Incoming college students could see their student loan interest rates double next semester if Congress doesn't take action to prevent the increase.
Interest rates on new federal Stafford loans are scheduled to increase from 3.4 percent to 6.8 percent on July 1, just as new college students are preparing for their first semester. Already, students are expressing concern over the change.
“I feel like that's a pretty big jump,” said Matthew Tran, a senior at Harding Charter Preparatory High School in Oklahoma City.
Tran, 18, plans to go to the University of Oklahoma in the fall, where he wants to major in computer science. He doesn't yet know if he'll need to take out student loans to pay for school, but he's concerned about how the change would affect his financial situation when he leaves college.

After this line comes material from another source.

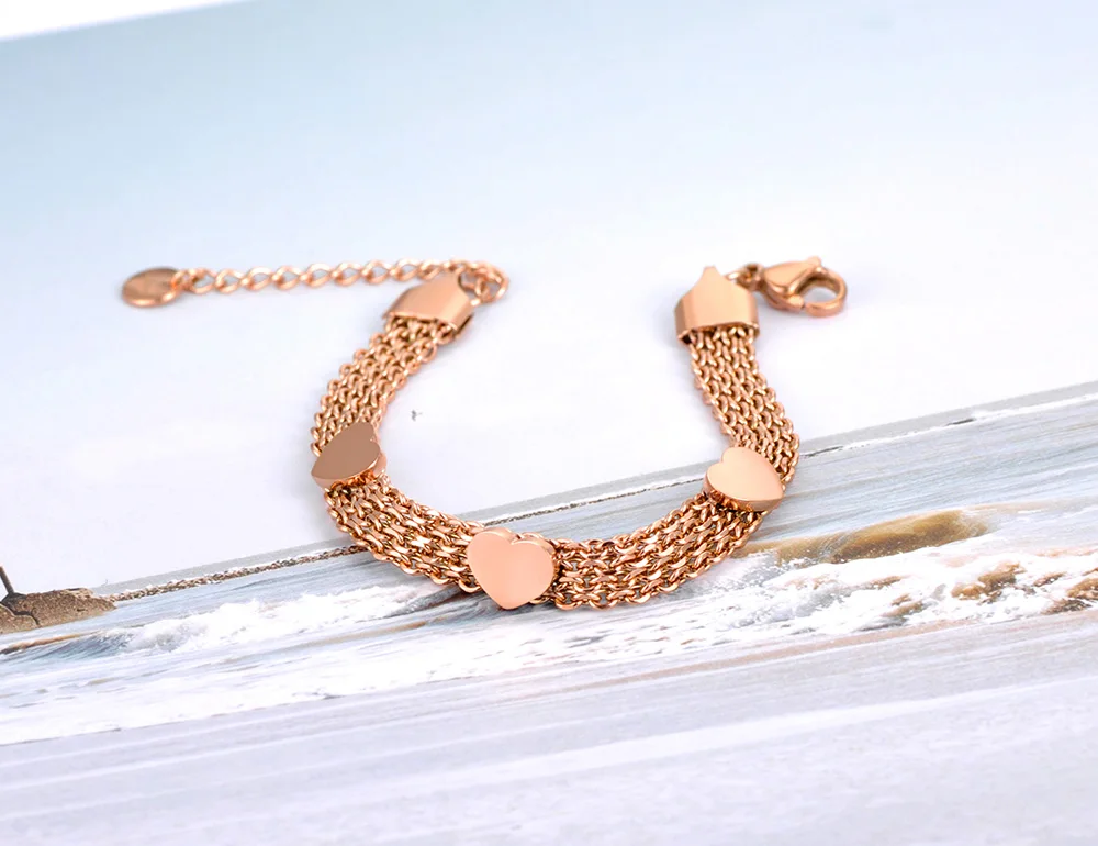 3 шт., многослойные браслеты из нержавеющей стали с подвесками в форме сердца

Many recent graduates already struggle to get out of debt, he said, and Tran said he's worried an increase in the interest rate could make the situation even more difficult.
A similar increase was scheduled to take effect in July 2012, but lawmakers extended the lower interest rate after President Barack Obama and officials in the U.S. Department of Education came out against allowing rates to climb.
Rate could double
Support for maintaining the lower interest rate seems to be more muted this year, said Megan McClean, managing director of policy and federal regulations for the National Association of Student Financial Aid Administrators.
“The push to keep it 3.4 was really on by this time last year,” McClean said.